Foi numa madrugada, a mais soturna,
Que seria composta aquela música.
A data? Em meu íntimo relembro:
A última noite de um deprimente Dezembro
Não existia letra, somente melodia
Oriunda da guitarra em profunda epifania.
O dedilhar melancólico ganhou a noite
Nota após nota, cada qual feito açoite
Auto-infligido à sua própria alma
Para que a dor saísse e inspirasse de volta.
O ar ficou carregado de tristeza
Conforme a canção adquiria mais e mais beleza;
A intensidade sonora foi se elevando
Memórias e lágrimas se acumulando
Nos olhos cujas íris estavam opacas
Devido às omissões, perdas, calúnias e falhas...
Quão louca e ferozmente tocava
Exprimindo desespero pela sofrível jornada!
Os braços já davam sinais de cansaço:
Tremiam, doíam, estavam um bagaço.
O suor pingava pelo rosto aflito;
Estava difícil para manter o ritmo.
Os dedos começaram a sangrar,
Não mais que as feridas no coração a carregar.
Continuou, mais e mais veloz,
O soluçar fazendo as vezes da voz.
Esfolamento profundo, excruciante
Como o desprezo e a solidão incessantes.
Como cada uma das zombarias.
Como todo o vazio, dia após dia...!
Todo aquela extensão de sentimentos,
Sobrepondo-se ao rigor dos ferimentos:
Alma depositada de modo pleno
Na música de acordes sangrentos .
O choro da guitarra ecoava longínquo,
Instilando pesar a cada ser o ouvindo.
Sentia que algo a mais estava para acontecer
Na medida em que seus tendões pareciam romper.
"PARA! NÃO DÁ MAIS!", o corpo implorava.
Ignorava, se machucava... Tocava, tocava, TOCAVA!
Então, quando o solo atingiu seu apogeu,
Algo sem quaisquer precedentes ocorreu:
Música e artista ultrapassaram os limites
Do que cogitamos natural e do que existe
E naquele instante de angústia máxima,
Cada ser vivo a seu modo expeliu uma lágrima
Tocados por uma lamúria coletiva
Inexplicável, insuportável, desmedida.
O término da canção foi abrupto
Pois quem a tocava sofrera um mal súbito:
Funesto e justificável pagamento
Por tamanha performance sob o firmamento...

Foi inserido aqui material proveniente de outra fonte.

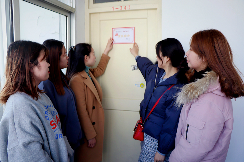 图为党员宿舍挂牌现场。记者 陈朱玲 摄
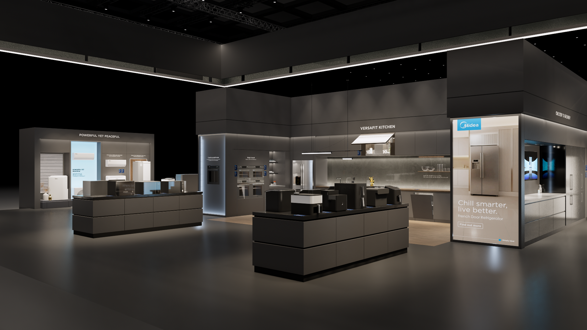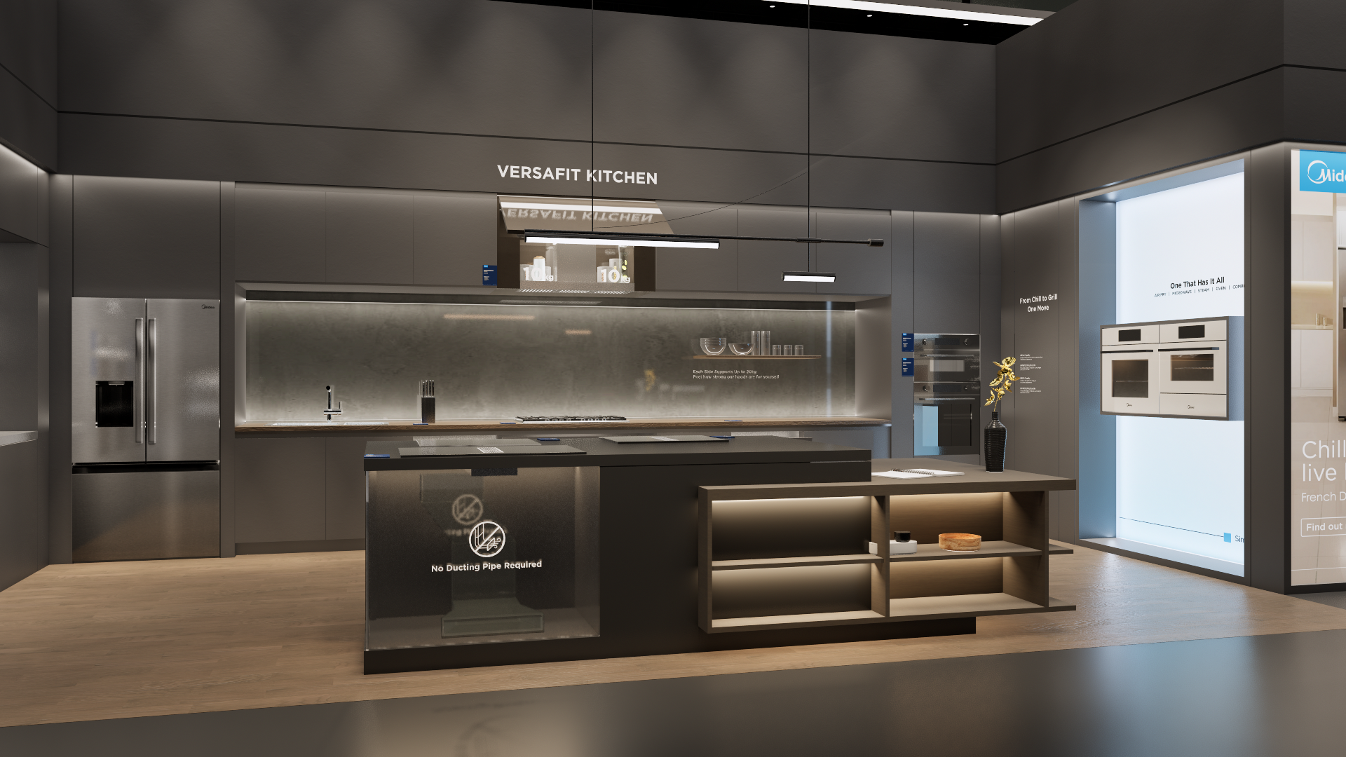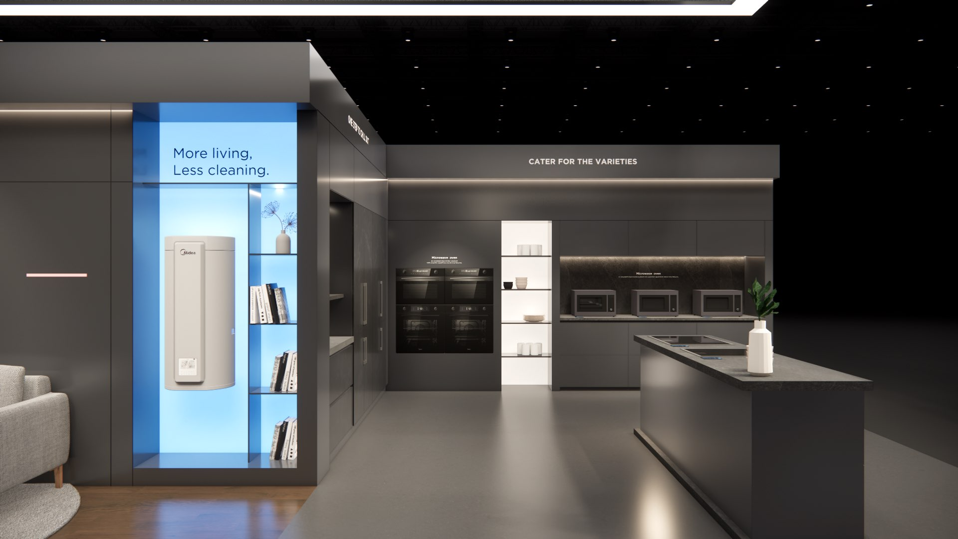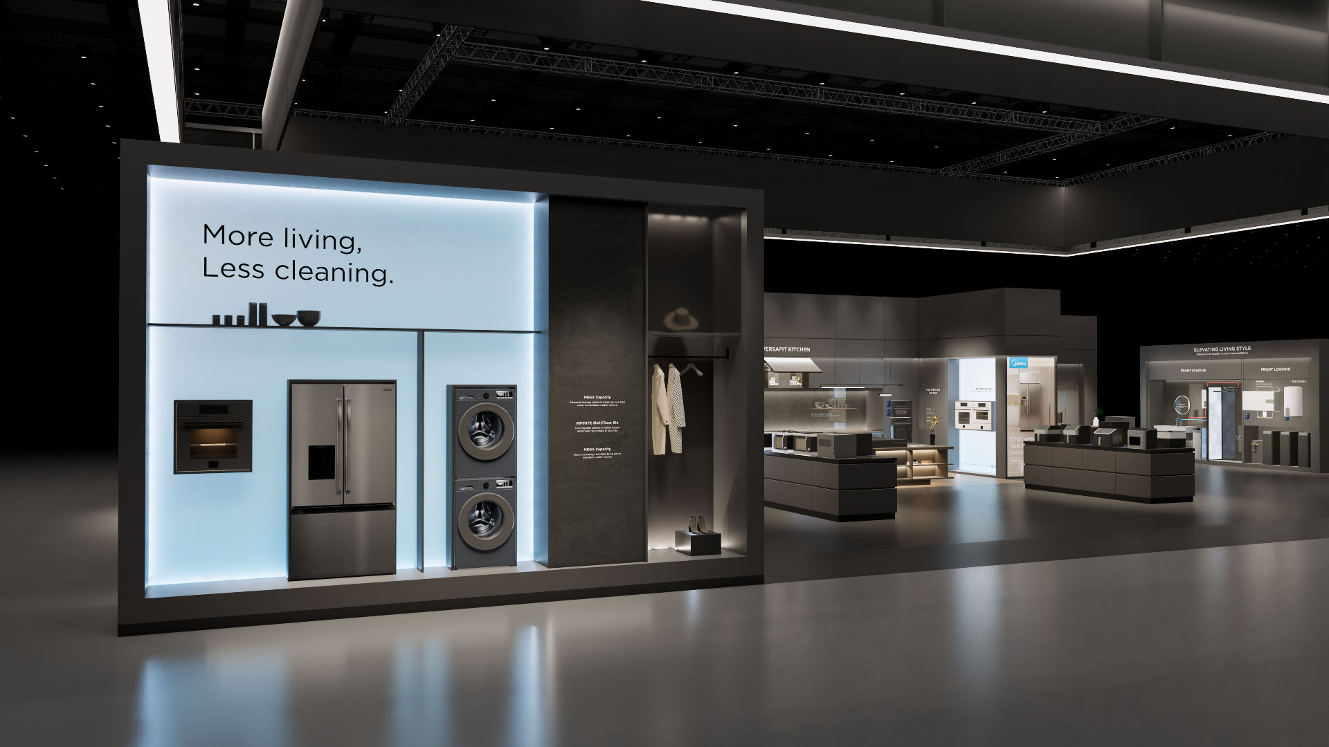The extra-large booth serves as a design reference for the “Kitchen” scenario. It is designated as the exhibition space for the REF, KWHA, MOA, and SDA business units and should be used as a guideline when developing related displays.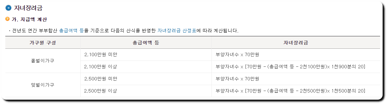 자녀장려금 지급액 계산 방법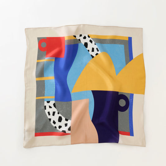 Silk & Merino Wool 'Girl's night out' blue x navy ループスカーフ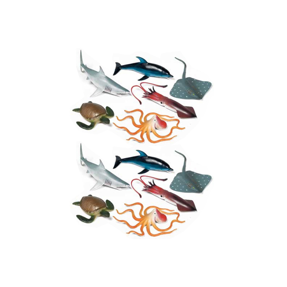 Realistically detailed plastic animal playsets encourage learning about the natural world. Marine animals measure approximately 7". Each set includes 6 pieces. Sold as 2 sets for a total of 12 pieces.

Dessa parte não tenho certeza, reconheço.
Mas gosto dela, então conto assim mesmo:
Dizem que na medida em que tudo findava
E a Morte sua alma lentamente levava,
Para seu orgulho acabou descobrindo
Que, ao contrário do resto, Ela estava sorrindo...
Acredite se quiser: esta é a história verdadeira
Por trás da Noite da Canção Derradeira.
E se não lhe servir de prova do evento
Junto com essa foto do local do sepultamento,
Ali estão a guitarra com sangue e o resto do equipamento.
Vamos, toque! Dê tudo de si, sem refreamento!
Se tiver a vontade e o comprometimento,
Quem sabe você também, por um momento...?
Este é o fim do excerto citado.